Your goal:
Everything in the records except the pictures must be copied out exactly.

+ + + + + + +

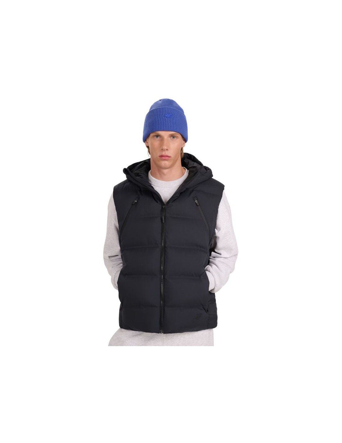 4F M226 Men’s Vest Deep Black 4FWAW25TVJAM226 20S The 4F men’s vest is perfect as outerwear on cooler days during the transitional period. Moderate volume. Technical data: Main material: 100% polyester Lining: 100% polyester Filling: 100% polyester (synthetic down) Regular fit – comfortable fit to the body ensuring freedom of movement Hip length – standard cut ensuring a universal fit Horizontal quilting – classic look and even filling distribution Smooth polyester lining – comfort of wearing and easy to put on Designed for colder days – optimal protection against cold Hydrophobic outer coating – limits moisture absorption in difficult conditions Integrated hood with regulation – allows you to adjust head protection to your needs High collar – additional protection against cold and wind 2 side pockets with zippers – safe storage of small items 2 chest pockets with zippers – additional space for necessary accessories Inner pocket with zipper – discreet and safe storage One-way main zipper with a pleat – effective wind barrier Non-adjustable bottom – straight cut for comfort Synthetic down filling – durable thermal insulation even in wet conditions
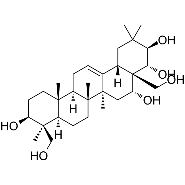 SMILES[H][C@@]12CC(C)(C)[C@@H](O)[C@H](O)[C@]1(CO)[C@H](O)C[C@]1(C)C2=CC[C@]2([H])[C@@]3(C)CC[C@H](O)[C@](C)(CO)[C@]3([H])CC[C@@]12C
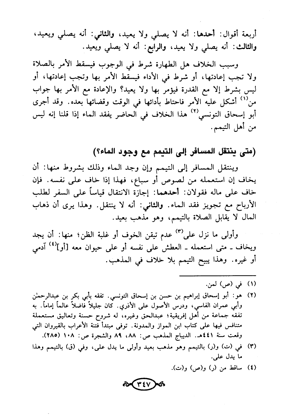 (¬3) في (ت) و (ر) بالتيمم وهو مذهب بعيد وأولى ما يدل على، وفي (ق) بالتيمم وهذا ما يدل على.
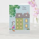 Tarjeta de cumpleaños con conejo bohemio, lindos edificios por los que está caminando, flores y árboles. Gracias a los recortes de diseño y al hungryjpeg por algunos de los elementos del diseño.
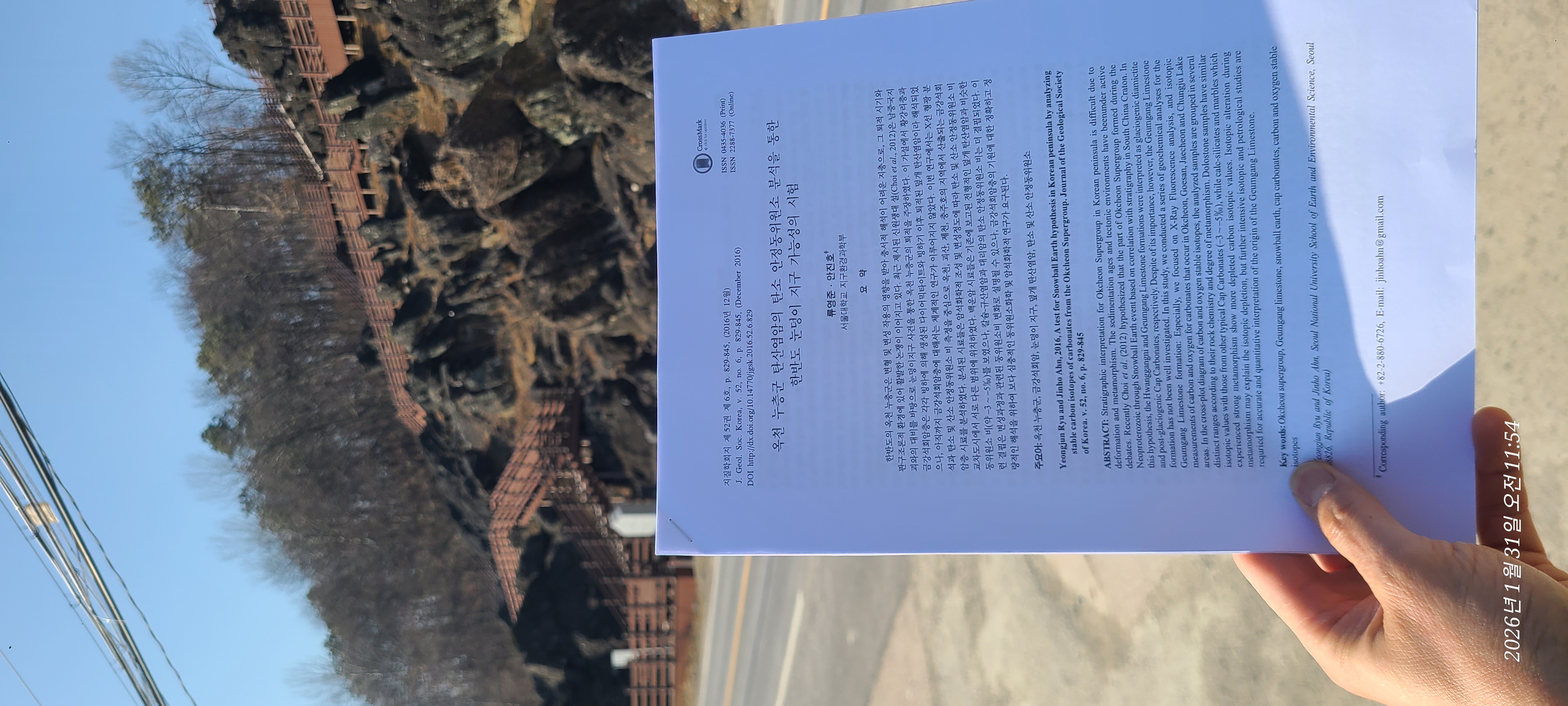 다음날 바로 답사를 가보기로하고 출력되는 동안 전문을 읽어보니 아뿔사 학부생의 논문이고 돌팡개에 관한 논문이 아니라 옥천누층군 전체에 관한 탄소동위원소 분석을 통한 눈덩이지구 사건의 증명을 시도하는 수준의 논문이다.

+ + + + + + +

Your solution:
 4F M226 Men’s Vest Deep Black 4FWAW25TVJAM226 20S The 4F men’s vest is perfect as outerwear on cooler days during the transitional period. Moderate volume. Technical data: Main material: 100% polyester Lining: 100% polyester Filling: 100% polyester (synthetic down) Regular fit – comfortable fit to the body ensuring freedom of movement Hip length – standard cut ensuring a universal fit Horizontal quilting – classic look and even filling distribution Smooth polyester lining – comfort of wearing and easy to put on Designed for colder days – optimal protection against cold Hydrophobic outer coating – limits moisture absorption in difficult conditions Integrated hood with regulation – allows you to adjust head protection to your needs High collar – additional protection against cold and wind 2 side pockets with zippers – safe storage of small items 2 chest pockets with zippers – additional space for necessary accessories Inner pocket with zipper – discreet and safe storage One-way main zipper with a pleat – effective wind barrier Non-adjustable bottom – straight cut for comfort Synthetic down filling – durable thermal insulation even in wet conditions
 SMILES[H][C@@]12CC(C)(C)[C@@H](O)[C@H](O)[C@]1(CO)[C@H](O)C[C@]1(C)C2=CC[C@]2([H])[C@@]3(C)CC[C@H](O)[C@](C)(CO)[C@]3([H])CC[C@@]12C
 (¬3) في (ت) و (ر) بالتيمم وهو مذهب بعيد وأولى ما يدل على، وفي (ق) بالتيمم وهذا ما يدل على.
 Tarjeta de cumpleaños con conejo bohemio, lindos edificios por los que está caminando, flores y árboles. Gracias a los recortes de diseño y al hungryjpeg por algunos de los elementos del diseño.
 다음날 바로 답사를 가보기로하고 출력되는 동안 전문을 읽어보니 아뿔사 학부생의 논문이고 돌팡개에 관한 논문이 아니라 옥천누층군 전체에 관한 탄소동위원소 분석을 통한 눈덩이지구 사건의 증명을 시도하는 수준의 논문이다.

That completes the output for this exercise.